TASK DIRECTIONS: The result should be a faithful copy of every entry below, with the pictures left out.

Items listed in a dataset:
Start of Block

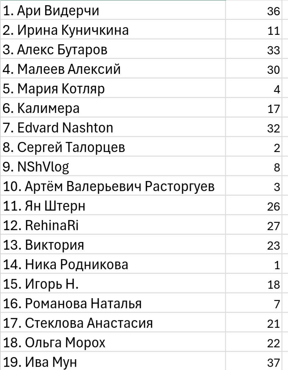 Список участников на 13:00 24.11 по мере подачи заявки (включила всех, кто проявил интересе):
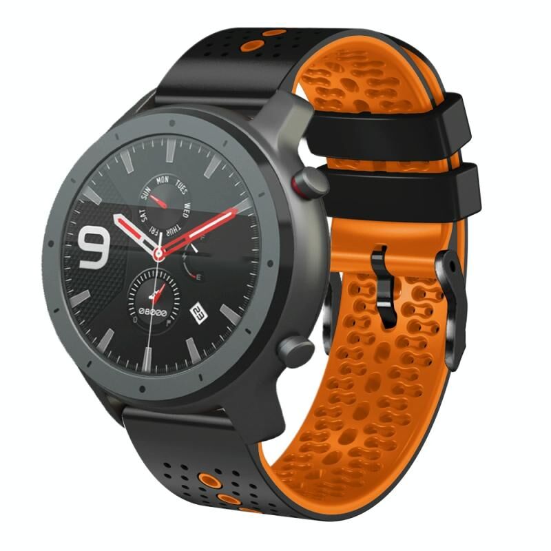 Για Amazfit GTR 47mm 22mm διάτρητο συγκρότημα ρολογιού σιλικόνης δύο χρωμάτων (μαύρο + πορτοκαλί)
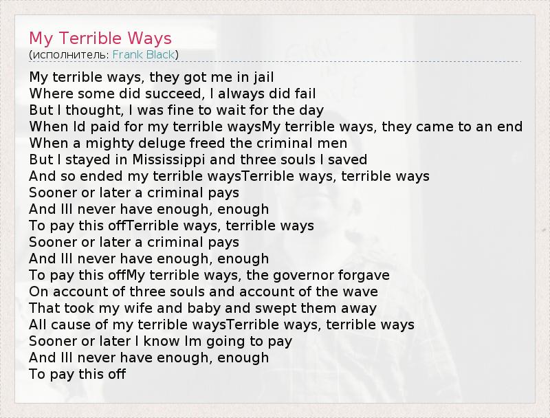 My terrible ways, they got me in jail Where some did succeed, I always did fail But I thought, I was fine to wait for the day When Id paid for my terrible waysMy terrible ways, they came to an end When a mighty deluge freed the criminal men But I stayed in Mississippi and three souls I saved And so ended my terrible waysTerrible ways, terrible ways Sooner or later a criminal pays And Ill never have enough, enough To pay this offTerrible ways, terrible ways Sooner or later a criminal pays And Ill never have enough, enough To pay this offMy terrible ways, the governor forgave On account of three souls and account of the wave That took my wife and baby and swept them away All cause of my terrible waysTerrible ways, terrible ways Sooner or later I know Im going to pay And Ill never have enough, enough To pay this off
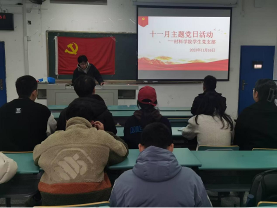 11月16日中午,材料公司员工党支部在第六教学楼6201开展11月份主题党日活动,材料公司员工党支部书记詹韩琼、组织委员王誉翔、宣传委员李诗、辅导员李志强和全体员工党员参与了此次活动,活动由陈钱顺主持。
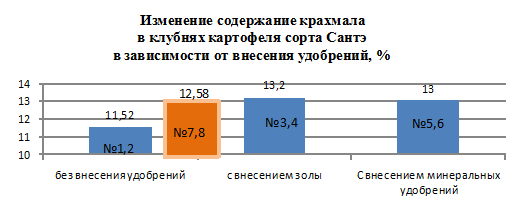 В сентябре урожай был убран, разложен в различные емкости и лабораторно установлено содержание крахмала в нем.
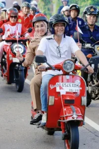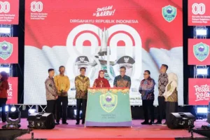 BARRU,—Ada pemandangan berbeda usai penurunan bendera pada peringatan HUT Proklamasi Kemerdekaan Republik Indonesia ke-80 di lapangan Sumpang Binangae Barru, Minggu (17/8/2025). Semula, para peserta upacara
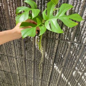 ヒョローと伸びたので水耕栽培で根をつけ植え替えたモンステラ☺️💞 しっかり根付いてます🥰💕💕💕

End of Block

ANSWER AREA:
 Список участников на 13:00 24.11 по мере подачи заявки (включила всех, кто проявил интересе):
 Για Amazfit GTR 47mm 22mm διάτρητο συγκρότημα ρολογιού σιλικόνης δύο χρωμάτων (μαύρο + πορτοκαλί)
 My terrible ways, they got me in jail Where some did succeed, I always did fail But I thought, I was fine to wait for the day When Id paid for my terrible waysMy terrible ways, they came to an end When a mighty deluge freed the criminal men But I stayed in Mississippi and three souls I saved And so ended my terrible waysTerrible ways, terrible ways Sooner or later a criminal pays And Ill never have enough, enough To pay this offTerrible ways, terrible ways Sooner or later a criminal pays And Ill never have enough, enough To pay this offMy terrible ways, the governor forgave On account of three souls and account of the wave That took my wife and baby and swept them away All cause of my terrible waysTerrible ways, terrible ways Sooner or later I know Im going to pay And Ill never have enough, enough To pay this off
 11月16日中午,材料公司员工党支部在第六教学楼6201开展11月份主题党日活动,材料公司员工党支部书记詹韩琼、组织委员王誉翔、宣传委员李诗、辅导员李志强和全体员工党员参与了此次活动,活动由陈钱顺主持。
 В сентябре урожай был убран, разложен в различные емкости и лабораторно установлено содержание крахмала в нем.
 BARRU,—Ada pemandangan berbeda usai penurunan bendera pada peringatan HUT Proklamasi Kemerdekaan Republik Indonesia ke-80 di lapangan Sumpang Binangae Barru, Minggu (17/8/2025). Semula, para peserta upacara
 ヒョローと伸びたので水耕栽培で根をつけ植え替えたモンステラ☺️💞 しっかり根付いてます🥰💕💕💕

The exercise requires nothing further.